Der Kauf des Hauses wirft die Frage nach der Nutzung auf. Zum einem ist es denkbar, dass sich die Dortmunder Neonazis hier weitere Wohnmöglichkeiten schaffen wollen, um ihre Verankerung in Dorstfeld weiter zu stärken. Ebenso würde sich das Haus als Übernachtungsmöglichkeiten für auswärtige Neonazis bei Aufmärschen oder Rechtsrock-Konzerten in Dortmund anbieten. Bereits in der Vergangenheit reisten zu größeren Aufmärschen schon einen Tag vorher Neonazis aus anderen Regionen nach Dortmund. Daneben konnten Neonazis, die aufgrund von Problemen im Elternhaus oder einer Entlassung aus der Haft kurzfristig immer wieder Unterschlupf in den Wohnungen in der Thusnelda- und Emscherstraße finden. Denkbar wäre es also, dass das neue Haus auch für solche Fälle genutzt werden könnte.

Eine weitere Möglichkeit wäre auch die Nutzung als Treffpunkt. Denn ein „Nationales Zentrum“, wie es die Dortmunder Neonazis in der Vergangenheit immer wieder versucht hatten zu errichten, fehlt ihnen derzeit. So fungierte längere Zeit eine Immobilie an der Rheinischen Straße 135 als Veranstaltungsort für Vorträge und Partys sowie als Lagermöglichkeit. Nachdem wir im Sommer 2010 die Kaufabsicht des Hauses durch die Neonazis publik machten, kam ihnen die Stadt Dortmund auf öffentlichen Druck hin zuvor und kaufte das Haus. Wenige Zeit später kündigte sie den Neonazis, die nur im Mietverhältnis standen. Mittlerweile befindet sich in den Räumlichkeiten an der Rheinischen Straße ein städtisches Jugendzentrum.

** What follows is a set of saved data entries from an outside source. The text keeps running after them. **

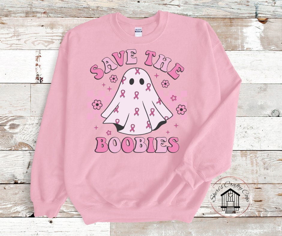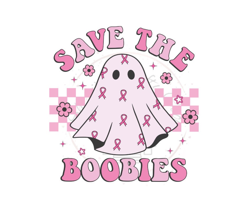 Save The Boobies Ghost Breast Cancer Awareness DTF Transfer Print(Only) Ready To Presa
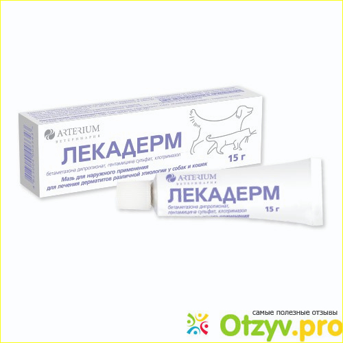 Тем более, что есть адекватные препараты, предназначенные для лечения аллергии именно у животных. Последней нашей находкой стал препарат Лекадерм. Это аналог человеческого Тридерма, но он применяется только в ветеринарии. Это трехкомпонентная мазь, в ней есть антибактериальное вещество, противогрибковое и противовоспалительное. Помогает, на мой взгляд, лучше человеческий мази.
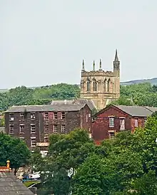 St Edmund's Church was commissioned by Albert Hudson Royds, an industrialist, banker and Freemason who belonged to Rochdale's prominent Royds family of wool merchants, financiers of the Rochdale Canal.[3] Royds acquired a crossroads at the highest point of Rochdale and commissioned the Manchester-based practice of James Medland and Henry Taylor to design and construct a new church building "at a time when Freemasonry in Rochdale was a strong force and its members were stalwarts of the local community".[3] The building was constructed between 1870 and 1873 at a cost between £22,000 (£2.07 million in 2024),[3][2] and £28,000 (£2.64 million in 2024),[1][2] at a time when a suitable parish church could have been built for £4,000 (£380,000 in 2024).[3][2]
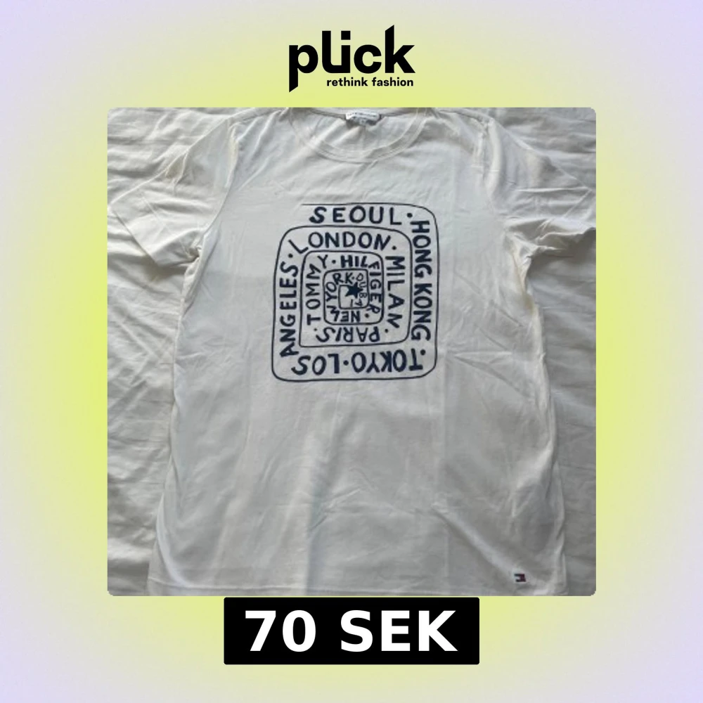 Vit t-shirt från Tommy Hilfiger med coolt city-tryck i marinblått på bröstet. Klassisk passform, rund hals och korta ärmar. Liten Tommy Hilfiger-logga nertill. Perfekt för dig som gillar streetstyle och snygga prints.

Im November 2012 wurde dann bekannt, dass der Neonazi Dietrich Surmann ein Ladenlokal im Stadtteil Huckarde erworben hatte. Nach eigenen Informationen der Neonazis sollte dort eine Geschäftsstelle der Partei „Die Rechte“ entstehen. Nach anfänglich ambitionierten Renovierungsarbeiten mussten diese jedoch bald eingestellt werden, als herauskam, dass die offenbar mit wenig Statik-Kenntnissen ausgestatteten Neonazis eine tragende Wand herausgeschlagen hatten. Das Bauamt untersagte daraufhin jeglichen Zutritt zu dem Ladenlokal, sodass auch dieses Objekt nicht weiter genutzt werden konnte. Daher ist nicht auszuschließen, dass nun das neu gekaufte Haus an der Siepenmühle ähnliche Funktionen haben soll, um so wieder einen Treffpunkt aufbauen zu können.

Wie weiter?

Da das Haus bereits gekauft ist, kann eine Strategie wie im Fall der „Rheinischen Straße 135″ nicht mehr funktionieren. Wir haben uns dazu entschlossen, den Hauskauf öffentlich zu machen, um auf dessen Auswirkungen aufmerksam zu machen. Ein Immobilie dieser Größe ermöglicht den Dortmunder Neonazis Formen der Infrastruktur, die ihnen nach dem Verbot des „Nationalen Widerstands Dortmund“ im Jahre 2012 verloren gingen. Durch die ruhige Lage des Hauses wäre es den Neonazis zudem möglich, relativ ungestört Veranstaltungen abzuhalten. Zusammenfassend kann also konstatiert werden, dass ein neues Haus den Dortmunder Neonazis verschiedene Vorteile verschaffen wird. Wir werden die Entwicklungen daher weiterhin beobachten und dokumentieren. Ferner wäre zu prüfen, ob weitere Kaufabsichten von Immobilieneigentum durch Neoanazis – sowohl aus Dortmund als auch aus anderen Städten – vorliegen könnten, um so möglichst früh den Erwerb von weiteren Häusern aus den genannten Gründen verhindern zu können. Die Stadt Dortmund und Immobiliengesellschaften wären weiterhin gut damit beraten, sich mit dem Personal der hiesigen Neoanzi-Szene zu beschäftigen, um weiteren Raumgewinnen der Neonazis auch präventiv begegnen zu können.